Самори было шестьдесят лет, им — по двадцать с небольшим. Задохнувшись, он споткнулся и не успел подняться, как французский сержант настиг его и схватил за шиворот.

— Убей меня! — прохрипел Самори. — Убейте меня!

Подбежавший офицер приказал немедленно тащить Самори назад, в его шатер.

Все это произошло молниеносно, на глазах нескольких сотен воинов мандинго, пораженных страшным событием. Однако воины быстро опомнились и уже приготовились сокрушить до смешного ничтожную горстку нападающих, когда их остановили последующие события. Из чащи в образцовом порядке, строгими боевыми рядами, отбивая шаг, вышел отряд французских солдат, за ним — второй, третий, как бы передовые части крупных вооруженных сил, скрытых в гуще леса. В то же время из шатра донесся громкий голос Самори, который приказывал своим подчиненным отказаться от всякого сопротивления.

Французский офицер держал у его виска револьвер и угрожал, что застрелит, как крысу, если он не отдаст нужного приказания. Зато в награду за повиновение Самори была обещана жизнь. Указав на появившийся из зарослей отряд французских солдат, офицер убедил плененного вождя, что лагерь окружен.

Самори уже не хотел погибать, он жаждал жить. И в испуге исполнил приказание, а его потрясенные воины подчинились. Пораженные происходящим, они были неспособны к бунту и покорно сдались.

Благодаря этой лихой, дерзкой выходке, увенчавшейся таким успехом, капитан Анри Гуро приобрел мировую славу, тот самый Анри Гуро, который много лет спустя в качестве командующего четвертой французской армией способствовал победе союзников в первой мировой войне. Эпизод в африканской глуши был тем более необычаен, что грозный Самори и около двадцати тысяч его воинов были взяты в плен капитаном Гуро, который стоял во главе… двухсот солдат.

Удивительная и безумная операция оказалась возможной только потому, что шатер Самори был разбит недалеко от зарослей и чаща скрывала до смешного ничтожные силы французов. Если бы воины Самори знали, сколько было французских солдат в действительности, они могли бы даже голыми руками с легкостью передавить их всех. Но они не знали. Чаща скрывала грозную тайну, и целый день мандинго послушно сносили свое оружие и помогали его уничтожать. А уничтожив, измученные и покорные, двинулись на север как пленники. За ними тащилось все их племя.

Когда несколько позже воины Самори сообразили, что пали жертвой столь жалкой горстки врагов, было уже слишком поздно: со всех сторон от французских застав спешно подходили подкрепления, чтобы сообща конвоировать несметные толпы пленников.

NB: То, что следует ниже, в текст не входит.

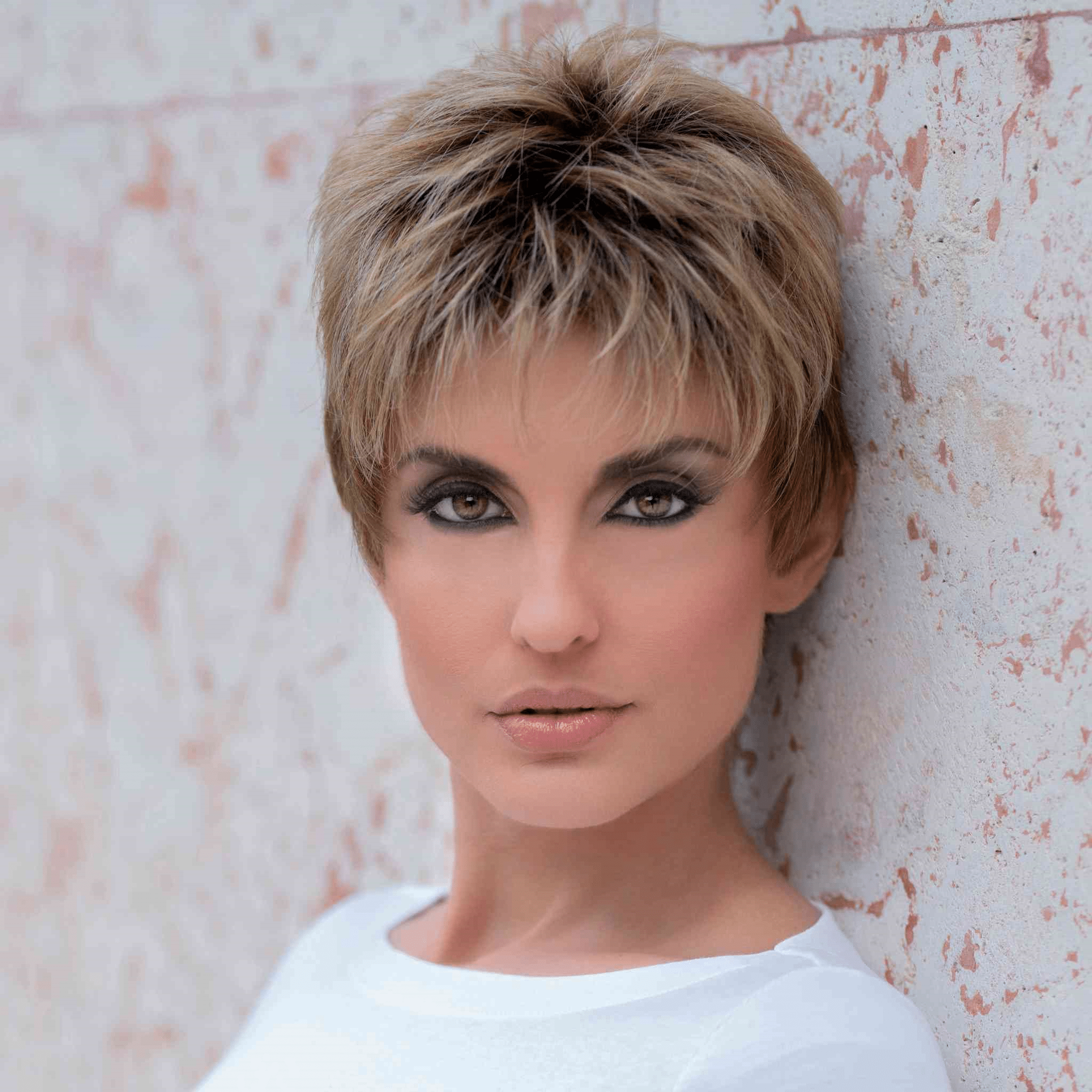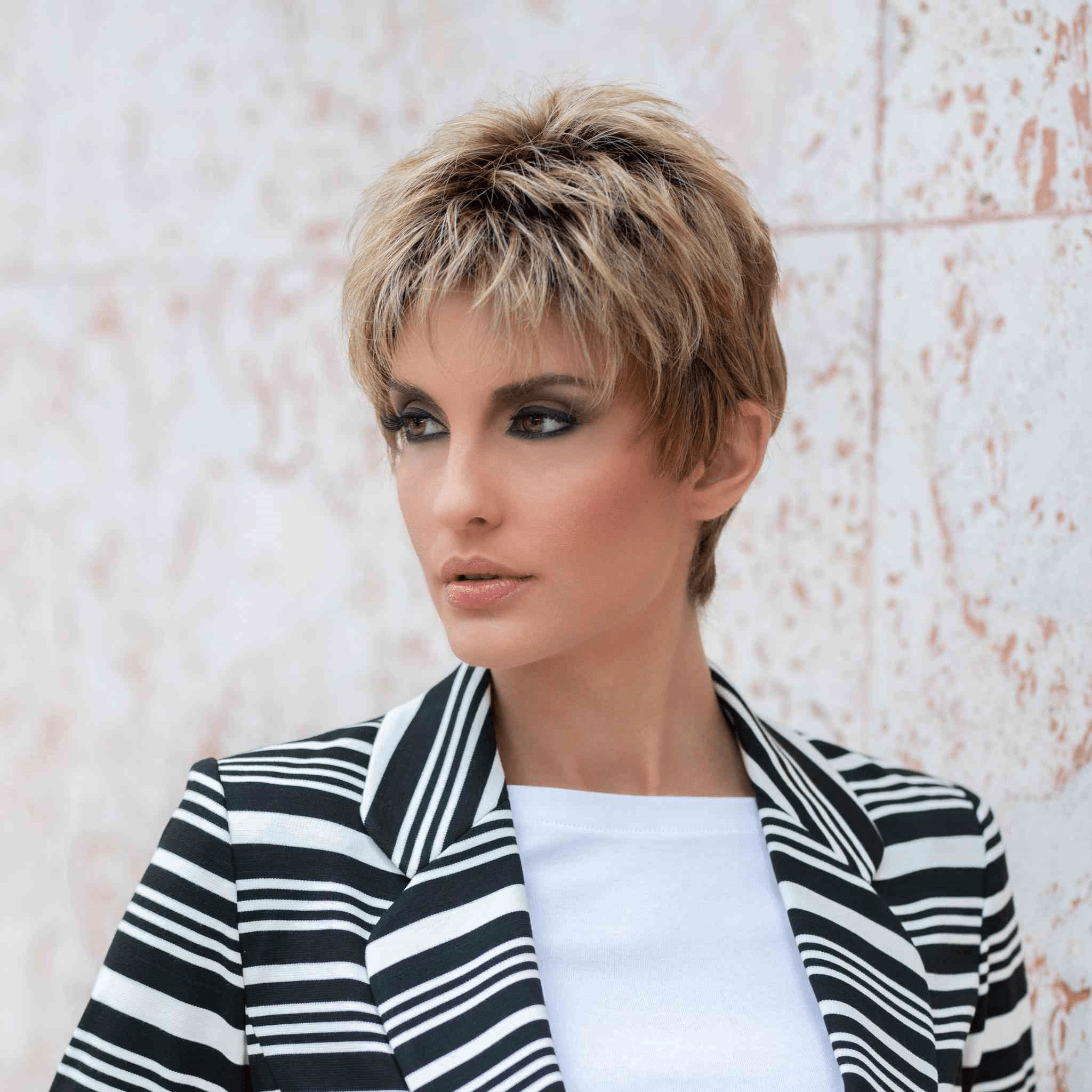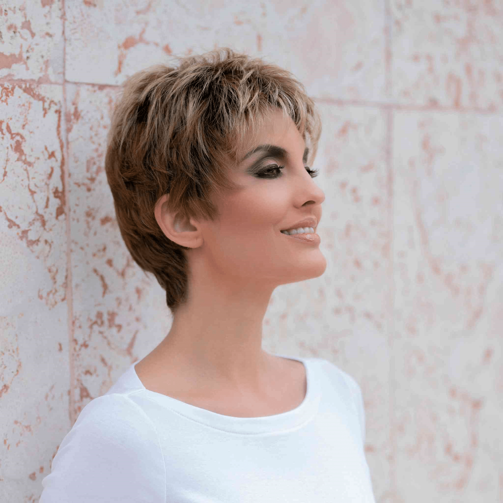 A sophisticated boy-cut designed with textured spiky layers and an open top construction for breathability. Style it up or comb it down for a less airy appearance. Versatile styling at its best. Open Top Capless construction, machine made wig with wefted sides and backs, buckle closures at nape for adjustments. Open ear tabs with adjustable material to help hug the ear area. Petite cap size

Так разбились гордые планы мандинго, которые стремились возродить новое государство Мали. Их вождь, последний великий альмами доколониальной Африки, печально брел навстречу рабству. Он был последним серьезным препятствием на пути захватчиков. Победители никогда не простили ему этого. Они не только одержали над ним военную победу, не только сломили его физически, но и не пожалели труда, чтобы всячески унизить и беспощадно очернить его. Даже такой замечательный солдат, как Гуро, не мог удержаться от соблазна осрамить Самори. В своих записках этого времени капитан приводит случай, который якобы свидетельствует о жестокой бесчеловечности вождя мандинго.

В печальном шествии пленников на север были, как я уже упоминал, и остатки племени, а между ними — многочисленная семья Самори, его жены, дети и внуки. Среди жен была одна молодая и красивая, но неверная. Во время продолжительного похода ветреная красотка увлеклась красавцем Саранкегни Мори, сыном Самори, достойным победителем в не одной стычке с французами. Старый вождь, узнав об этом, пришел в безумную ярость, словно в этот момент у него не было на душе больших забот. Он попросил капитана Гуро, чтобы тот принял его для официальной беседы, и совершенно серьезно потребовал отсечь голову преступному сыну. Гуро, разумеется, отказал.

Несколькими месяцами позже в Каесе на реке Сенегал цивилизованные европейцы организовали демонстративный процесс над «африканским варварством». Самори, Саранкегни Мори и другие вожди были осуждены французским военным трибуналом на пожизненную ссылку на каком-то острове в Габоне. Куда конь с копытом, туда и рак с клешней: генерал Трентиньян, председатель военного суда, «защитник угнетенной Африки», счел необходимым еще раз унизить Самори перед всем миром:

— …Больше двадцати лет он расправлялся с неграми, обращался с ними, как дикий зверь, он давно заслужил смертную казнь, но, поскольку отважные французы, которые взяли его в плен, обещали сохранить ему жизнь, мы осуждаем его лишь на ссылку…

В ссылке Самори прожил недолго.

Интересно, что в последующие годы именно семья Самори Туре служила французским колонизаторам классическим доказательством их успешной цивилизаторской миссии и огромной притягательной силы Франции. Род Туре, несомненно, был предприимчив, это был род воинов. Через несколько лет, когда страсти немного улеглись, многие сыновья Самори охотно вступали во французские войска, чтобы стать профессиональными солдатами и даже добиться золотых нашивок поручика, Шестеро из них погибли на фронте во время первой мировой войны.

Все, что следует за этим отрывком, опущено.